◆ DATASET EXCERPT:
-- -- --
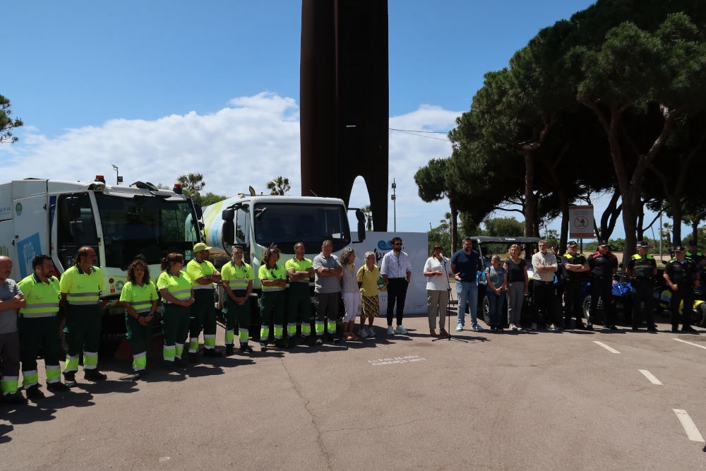Badia s’ha desplaçat aquest matí fins al monument de la vela de Gavà Mar per presentar aquest inici de la temporada de bany. Allà ha saludat a representants de tots els col·lectius implicats en aquest dispositiu, des dels membres del Punt d’Informació Turística ubicat coms empre al costat del mateix monument de la vela fins als treballadors de Presec, passant òbviament pels agents de la Policia Municipal i dels Mossos d’Esquadra.
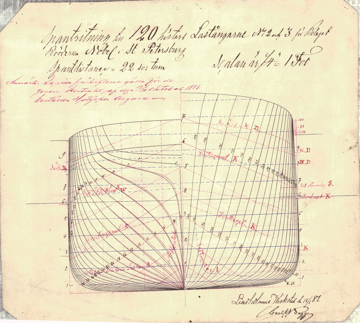 Dreadnought (1875). Scale 1:48. A sheer drawing of the body plan, waterlines, half-breadths, as redesigned in conformity with arrangements approved 11 Sept 1872, for the turret battleship HMS Fury (renamed Dreadnought, 1875) while under construction. Con
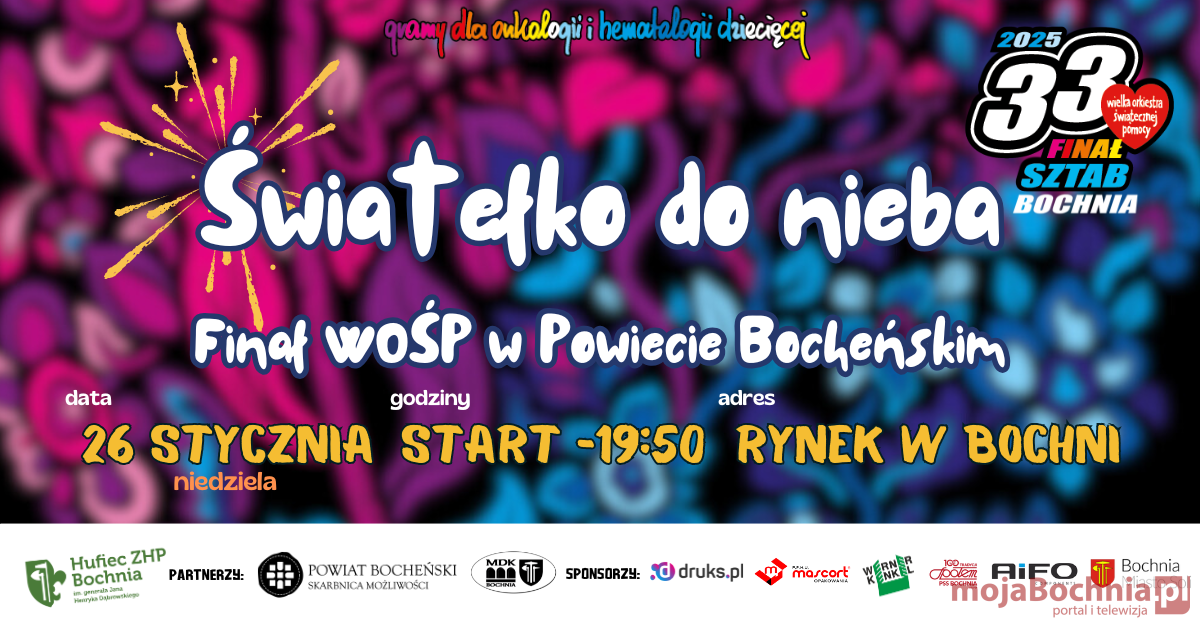 Zapraszamy na wyjątkowe Światełko do Nieba, które zwieńczy 33. Finał WOŚP w Powiecie Bocheńskim! To symboliczne zakończenie weekendu pełnego dobra, wspólnej energii i niesamowitych emocji.
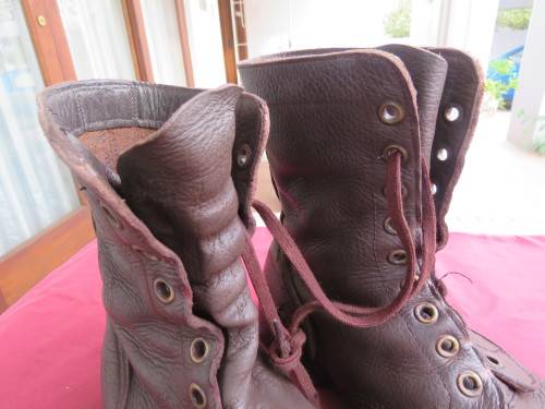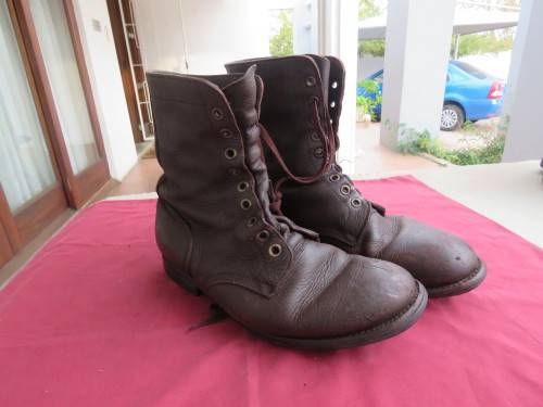 Pair of brown genuine leather SADF army boots issued 2004 in size 277 army size 9.5.As new.
-- -- --
◆ ASSIGNED TASK: Any picture in the data is to be skipped, while each line is returned exactly as written.

◆ ANSWER TO THE EXERCISE:
Badia s’ha desplaçat aquest matí fins al monument de la vela de Gavà Mar per presentar aquest inici de la temporada de bany. Allà ha saludat a representants de tots els col·lectius implicats en aquest dispositiu, des dels membres del Punt d’Informació Turística ubicat coms empre al costat del mateix monument de la vela fins als treballadors de Presec, passant òbviament pels agents de la Policia Municipal i dels Mossos d’Esquadra.
 Dreadnought (1875). Scale 1:48. A sheer drawing of the body plan, waterlines, half-breadths, as redesigned in conformity with arrangements approved 11 Sept 1872, for the turret battleship HMS Fury (renamed Dreadnought, 1875) while under construction. Con
 Zapraszamy na wyjątkowe Światełko do Nieba, które zwieńczy 33. Finał WOŚP w Powiecie Bocheńskim! To symboliczne zakończenie weekendu pełnego dobra, wspólnej energii i niesamowitych emocji.
 Pair of brown genuine leather SADF army boots issued 2004 in size 277 army size 9.5.As new.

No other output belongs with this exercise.